# Sakti3 Perfecting Solid State Batteries



## EVDL Archive (Jul 26, 2007)

Technology could result in cutting in half cost of electric car batteries.

More...


----------



## PhantomPholly (Aug 20, 2008)

I'm noticing that more and more of our news bot hits are pointing to the MIT Technology Review site...


----------



## tomofreno (Mar 3, 2009)

This lady has the correct focus. Sure hope she succeeds.

"The ultimate criterion is affordability, in a product that has the necessary performance."


----------



## Ingot (Feb 25, 2011)

And then GM will patent it, claim it as theirs, and sell it only in their vehicles.


----------



## Jason Lattimer (Dec 27, 2008)

Ingot said:


> And then GM will patent it, claim it as theirs, and sell it only in their vehicles.

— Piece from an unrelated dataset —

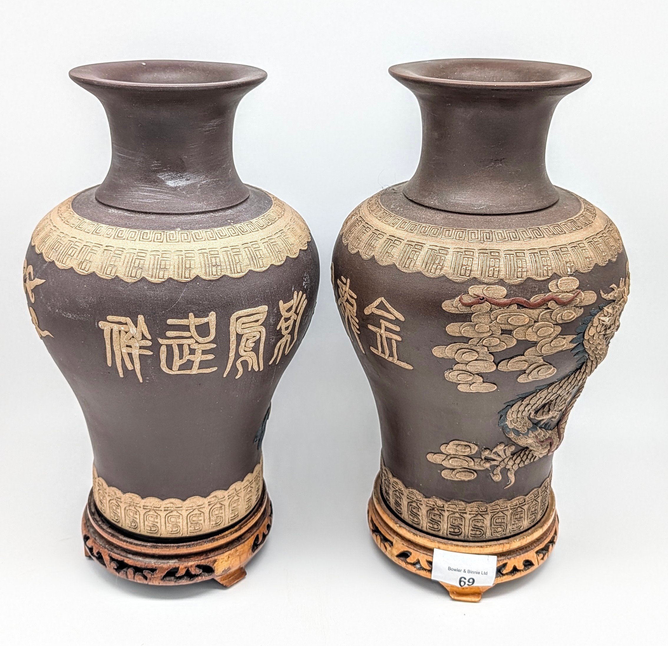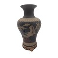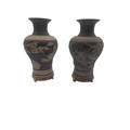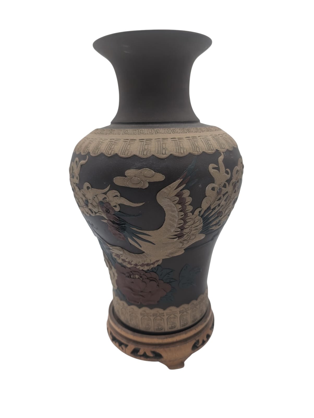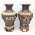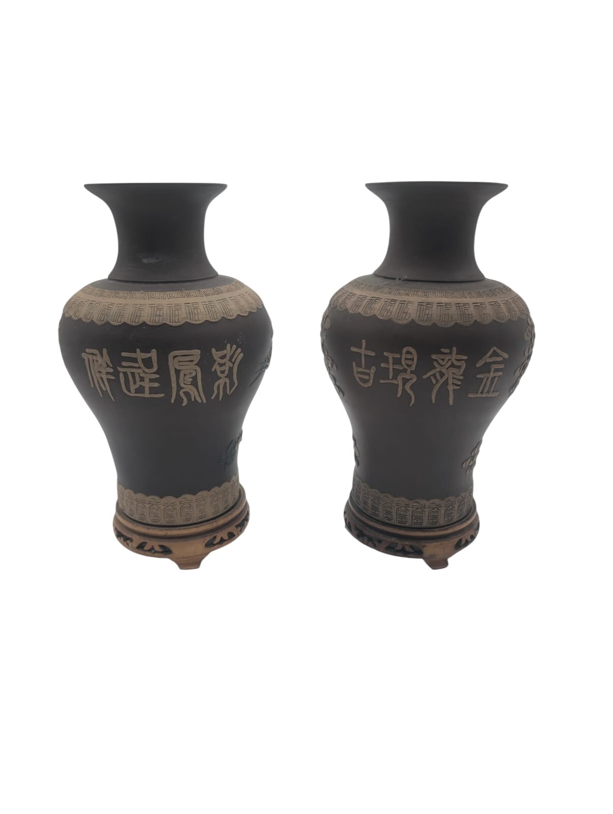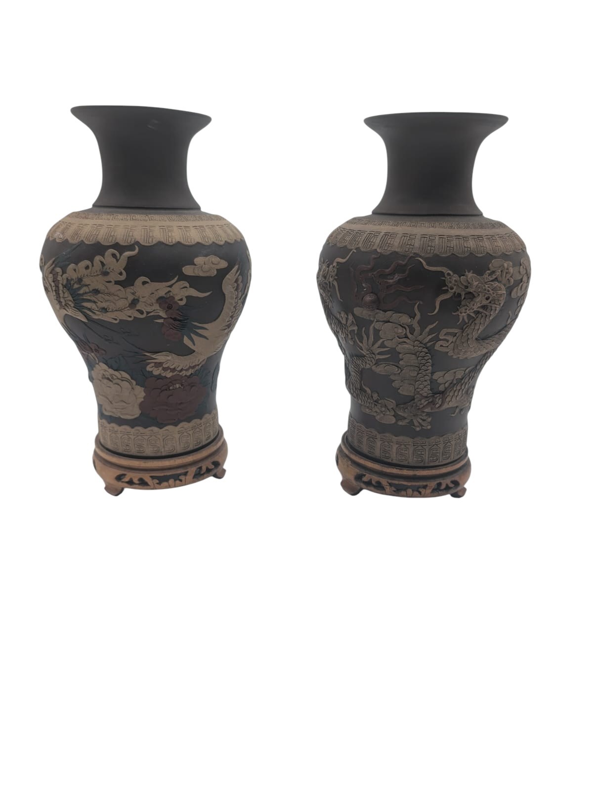 Pair Of Lisha Clay Dragon and Phoenix Vases with decorative original stands, Standing without Stands 28cm tall.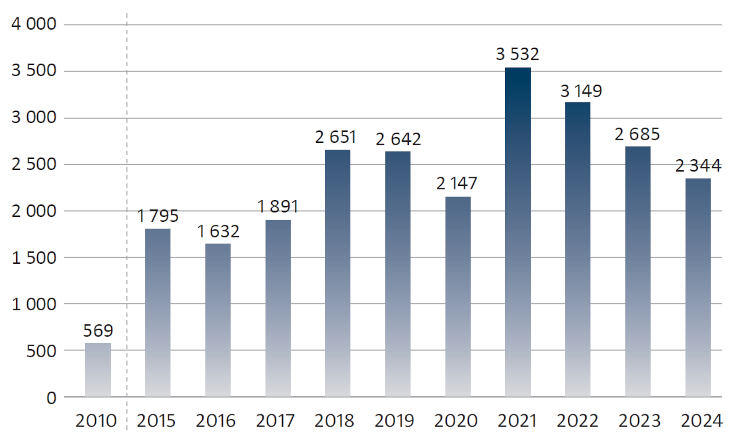 根据国际机器人联合会(IFR)发布的《2025年世界机器人报告》,2024年波兰共安装了2344台新机器人,比上一年下降了13%。这也是波兰工业机器人安装量连续第三年下降,此前在2021年曾创下历史新高,当年波兰安装了3532台工业机器人。

NO no you forgot.........GM will not put it in their car, they will sell it to Chevron or another oil company and claim it was too expensive to produce, then sit on it.


----------



## david85 (Nov 12, 2007)

Not that I would defend what happened to the NiMH battery and the impact/EV1, but in fairness nickel is still a fairly expensive and heavy element.

The supplier in china that sold me my LiFePO4 battery does (or did last I checked) sell prismatic NiMH batteries but they were about double the price. They even carried nickel iron batteries too.

This might be assuming too much, but after all thats happened I could say that the plan to quash nickel based batteries sort of backfired because it pushed development toward other chemistries like lithium which was still in its infancy back then. Now that the chinese have their own patents on several versions of lithium batteries, its unlikely that they could ever be stopped.


----------